The 17 Greatest Bakeries in London, According to Good Food – Time Out

London is a city that takes its baking seriously. From flaky, butter-rich croissants to dense sourdough loaves and imaginative pastries that verge on edible art, the capital’s bakery scene has never been more enterprising-or more competitive. To help separate the truly outstanding from the merely good, Good Food has joined forces with Time Out to identify the 17 greatest bakeries in London right now.

This list isn’t about hype alone. It reflects hours of tasting,comparing and cross-checking-looking at consistency,craft,originality and sheer deliciousness.
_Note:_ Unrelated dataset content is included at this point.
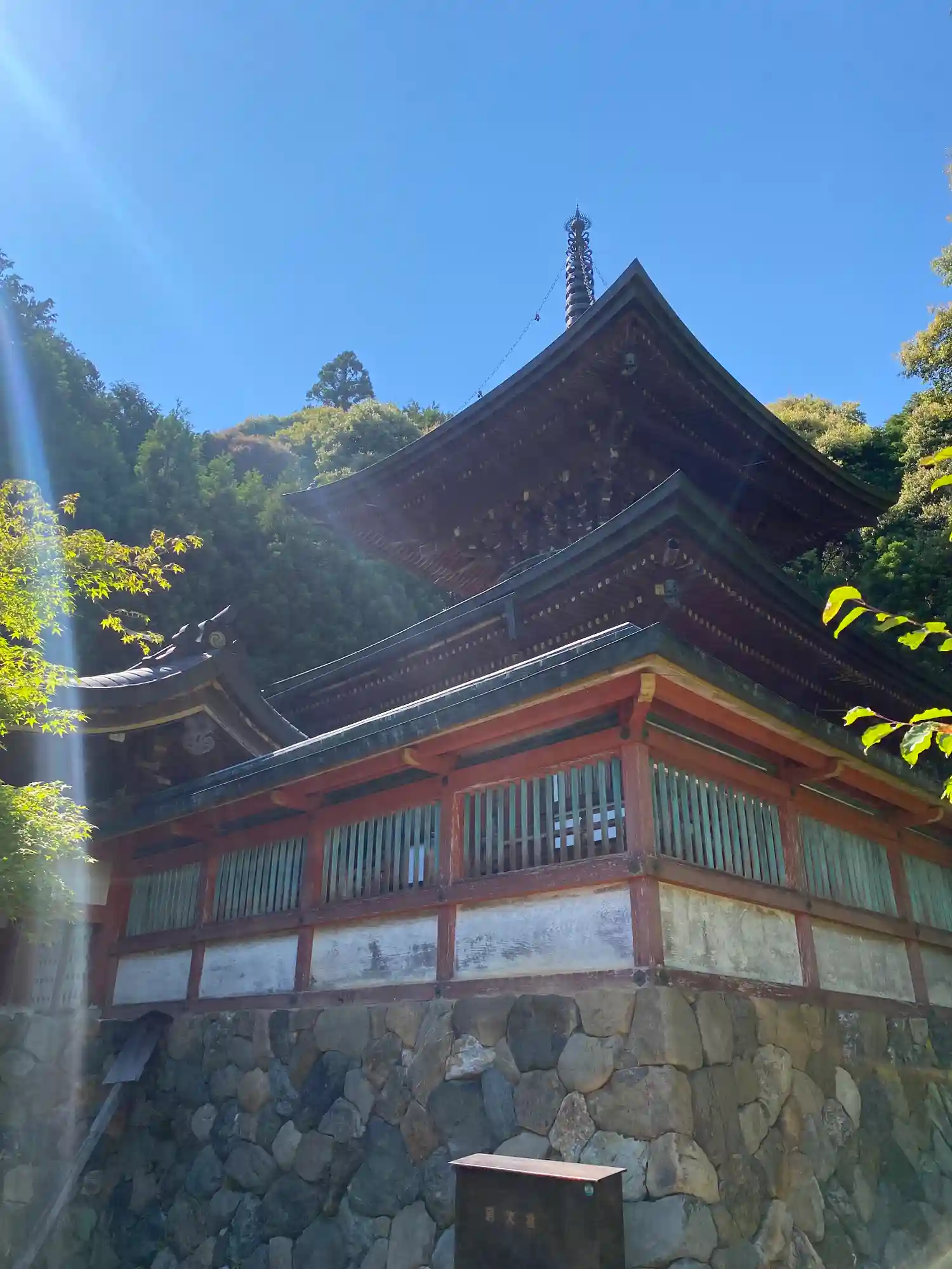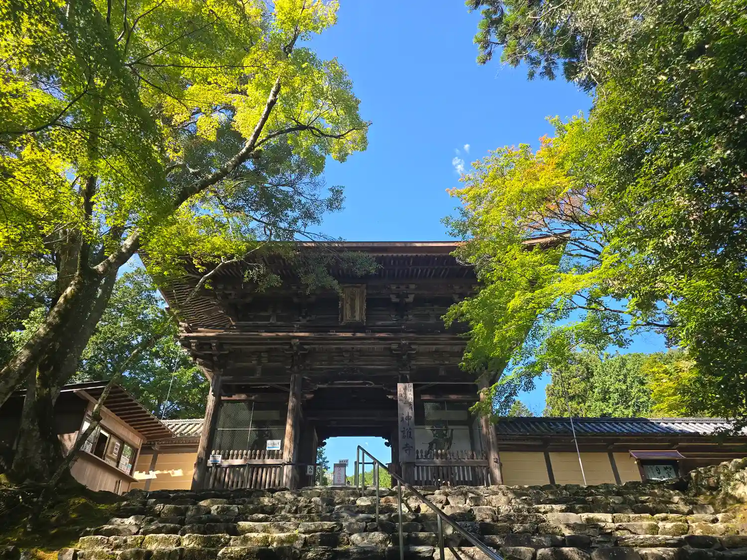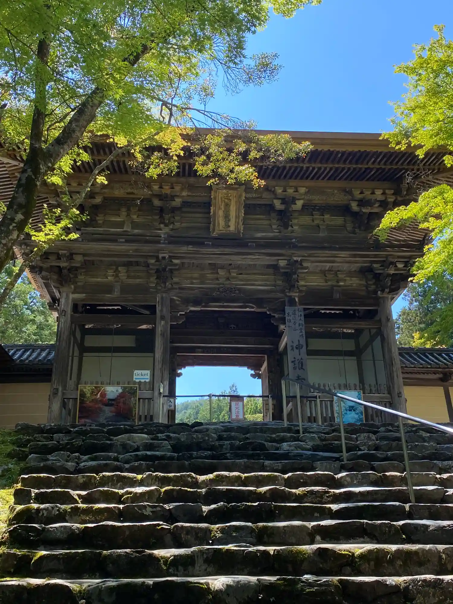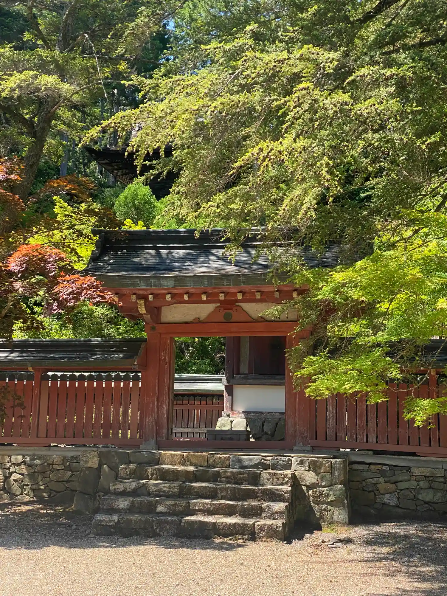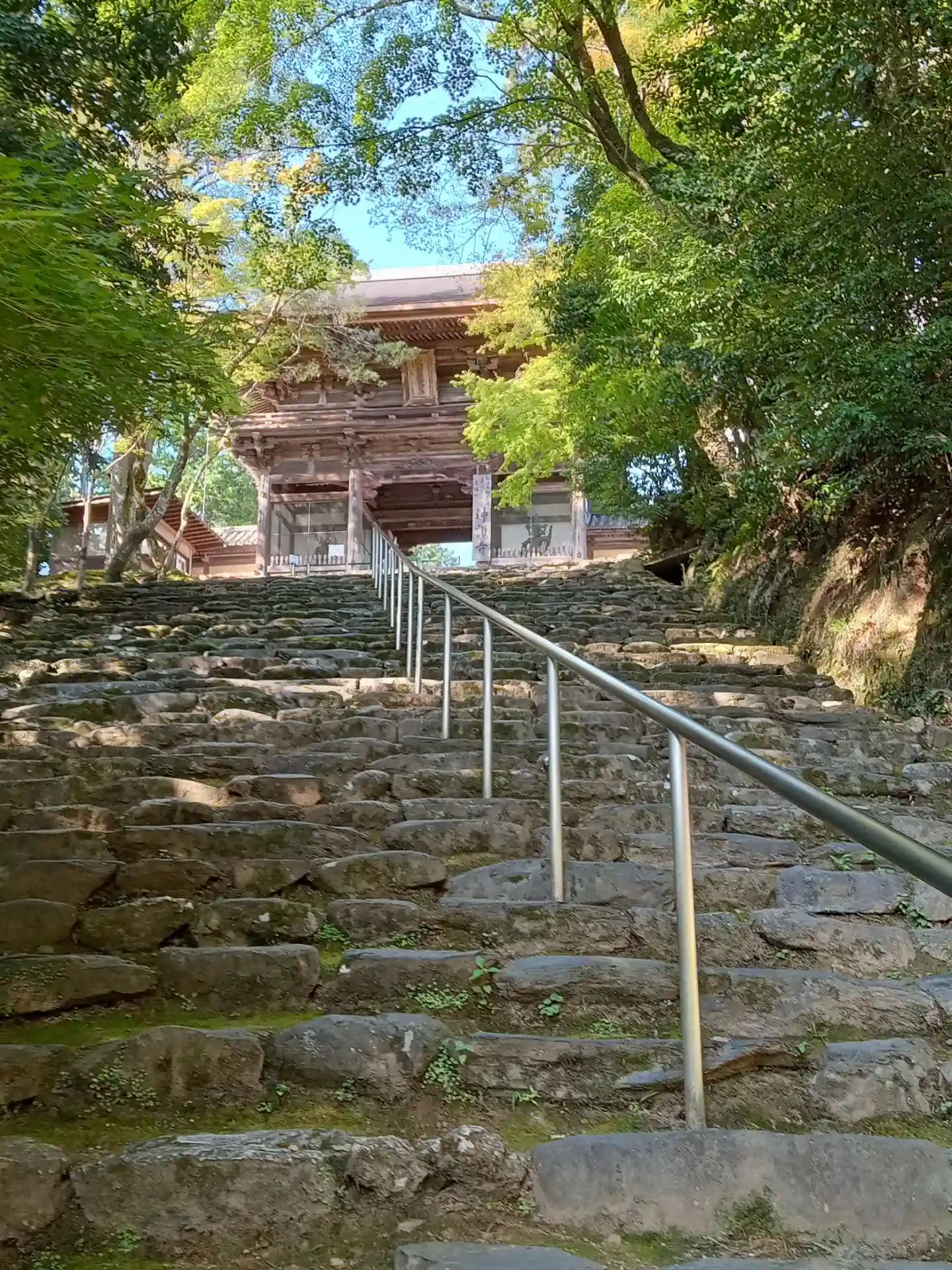 楼門は改修工事中でした。さすがは山岳寺院、境内までの長い階段で激しく息切れ中。

Scattered across neighbourhoods from Hackney to Hammersmith, these bakeries are shaping how Londoners eat breakfast, celebrate milestones and grab something sweet (or savoury) on the go. Whether you’re a lifelong local or planning a pastry-fuelled weekend in the city, consider this your definitive guide to where London baking is at its very best.

Hidden neighbourhood gems where to find Londons most underrated loaves and pastries

Tucked between launderettes, charity shops and bus stops, some of the city’s most memorable bakes are emerging from ovens that don’t shout for attention.In a former newsagent in Walthamstow, a lean-to bakery counter turns out rye loaves freckled with caraway and burnished kouign-amann that sell out before lunchtime; in Deptford, a family-run spot built around a single deck oven quietly delivers pillowy milk buns and sourdough so light it almost hovers. These places rarely bother with neon signage or TikTok queues – you’ll find dog walkers ordering “the usual”, baristas swapping trays with bakers through back doors, and the last cinnamon knot being claimed by someone who clearly knows the drill.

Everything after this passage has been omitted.